Christoph Lameter (Ampere) June 1, 2017, 6:16 p.m. UTC | #8

On Thu, 1 Jun 2017, Hugh Dickins wrote:

> CONFIG_SLUB_DEBUG_ON=y.  My SLAB|SLUB config options are
>
> CONFIG_SLUB_DEBUG=y
> # CONFIG_SLUB_MEMCG_SYSFS_ON is not set
> # CONFIG_SLAB is not set
> CONFIG_SLUB=y
> # CONFIG_SLAB_FREELIST_RANDOM is not set
> CONFIG_SLUB_CPU_PARTIAL=y
> CONFIG_SLABINFO=y
> # CONFIG_SLUB_DEBUG_ON is not set
> CONFIG_SLUB_STATS=y

Thats fine.

> But I think you are now surprised, when I say no slub_debug options
> were on.  Here's the output from /sys/kernel/slab/pgtable-2^12/*
> (before I tried the new kernel with Aneesh's fix patch)
> in case they tell you anything...
>
> pgtable-2^12/poison:0
> pgtable-2^12/red_zone:0
> pgtable-2^12/reserved:0
> pgtable-2^12/sanity_checks:0
> pgtable-2^12/store_user:0

Ok so debugging was off but the slab cache has a ctor callback which
mandates that the free pointer cannot use the free object space when
the object is not in use. Thus the size of the object must be increased to
accomodate the freepointer.

Hugh Dickins June 1, 2017, 6:37 p.m. UTC | #9

On Thu, 1 Jun 2017, Christoph Lameter wrote:
> 
> Ok so debugging was off but the slab cache has a ctor callback which
> mandates that the free pointer cannot use the free object space when
> the object is not in use. Thus the size of the object must be increased to
> accomodate the freepointer.

Thanks a lot for working that out.  Makes sense, fully understood now,
nothing to worry about (though makes one wonder whether it's efficient
to use ctors on high-alignment caches; or whether an internal "zero-me"
ctor would be useful).

Hugh

Michael Ellerman June 2, 2017, 3:09 a.m. UTC | #10

Hugh Dickins <hughd@google.com> writes:

> On Thu, 1 Jun 2017, Christoph Lameter wrote:
>> 
>> Ok so debugging was off but the slab cache has a ctor callback which
>> mandates that the free pointer cannot use the free object space when
>> the object is not in use. Thus the size of the object must be increased to
>> accomodate the freepointer.
>
> Thanks a lot for working that out.  Makes sense, fully understood now,
> nothing to worry about (though makes one wonder whether it's efficient
> to use ctors on high-alignment caches; or whether an internal "zero-me"
> ctor would be useful).

Or should we just be using kmem_cache_zalloc() when we allocate from
those slabs?

Given all the ctor's do is memset to 0.

cheers

Hugh Dickins June 2, 2017, 4 a.m. UTC | #11

On Fri, 2 Jun 2017, Michael Ellerman wrote:
> Hugh Dickins <hughd@google.com> writes:
> > On Thu, 1 Jun 2017, Christoph Lameter wrote:
> >> 
> >> Ok so debugging was off but the slab cache has a ctor callback which
> >> mandates that the free pointer cannot use the free object space when
> >> the object is not in use. Thus the size of the object must be increased to
> >> accomodate the freepointer.
> >
> > Thanks a lot for working that out.  Makes sense, fully understood now,
> > nothing to worry about (though makes one wonder whether it's efficient
> > to use ctors on high-alignment caches; or whether an internal "zero-me"
> > ctor would be useful).
> 
> Or should we just be using kmem_cache_zalloc() when we allocate from
> those slabs?
> 
> Given all the ctor's do is memset to 0.
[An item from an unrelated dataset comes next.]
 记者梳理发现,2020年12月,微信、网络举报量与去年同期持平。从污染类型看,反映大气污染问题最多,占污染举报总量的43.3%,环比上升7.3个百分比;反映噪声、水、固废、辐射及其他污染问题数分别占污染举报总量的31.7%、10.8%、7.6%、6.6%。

I'm not sure.  From a memory-utilization point of view, with SLUB,
using kmem_cache_zalloc() there would certainly be better.
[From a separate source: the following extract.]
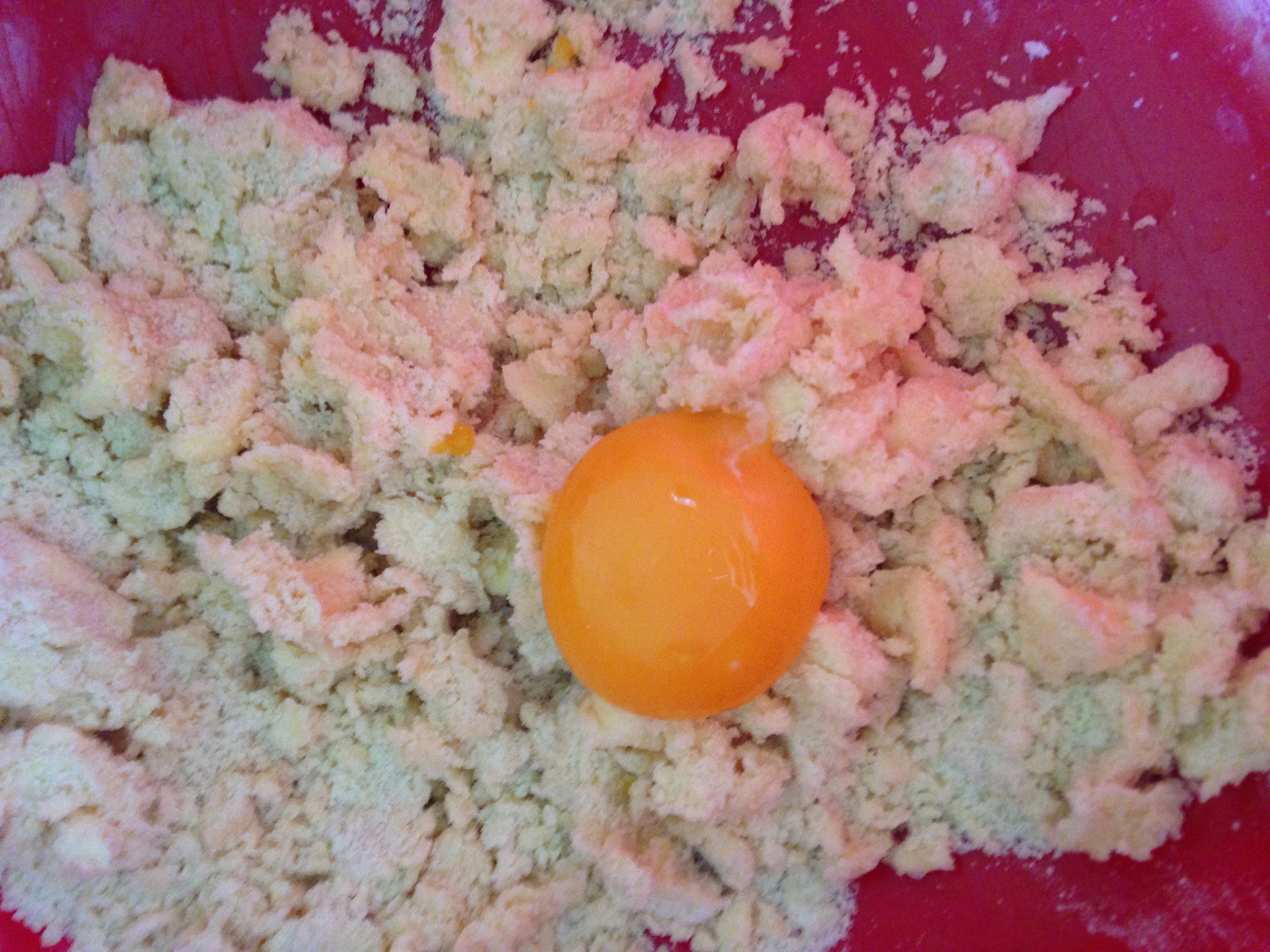 Arbeta in tärnat kallt smör i mjöl och socker. Tillsätt äggulan och arbeta ihop till en deg. Låt vila i kylen ca 10 min.

But you may be forgetting that the constructor is applied only when a
new slab of objects is allocated, not each time an object is allocated
from that slab (and the user of those objects agrees to free objects
back to the cache in a reusable state: zeroed in this case).

So from a cpu-utilization point of view, it's better to use the ctor:
it's saving you lots of redundant memsets.
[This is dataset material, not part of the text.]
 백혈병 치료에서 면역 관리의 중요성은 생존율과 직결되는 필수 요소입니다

SLUB versus SLAB, cpu versus memory?  Since someone has taken the
trouble to write it with ctors in the past, I didn't feel on firm
enough ground to recommend such a change.  But it may be obvious
to someone else that your suggestion would be better (or worse).

Hugh

Christoph Lameter (Ampere) June 2, 2017, 2:32 p.m. UTC | #12

On Thu, 1 Jun 2017, Hugh Dickins wrote:

> Thanks a lot for working that out.  Makes sense, fully understood now,
> nothing to worry about (though makes one wonder whether it's efficient
> to use ctors on high-alignment caches; or whether an internal "zero-me"
> ctor would be useful).

Use kzalloc to zero it. And here is another example of using slab
allocations for page frames. Use the page allocator for this? The page
allocator is there for allocating page frames. The slab allocator main
purpose is to allocate small objects....

Christoph Lameter (Ampere) June 2, 2017, 2:33 p.m. UTC | #13

On Thu, 1 Jun 2017, Hugh Dickins wrote:

> SLUB versus SLAB, cpu versus memory?  Since someone has taken the
> trouble to write it with ctors in the past, I didn't feel on firm
> enough ground to recommend such a change.  But it may be obvious
> to someone else that your suggestion would be better (or worse).

Umm how about using alloc_pages() for pageframes?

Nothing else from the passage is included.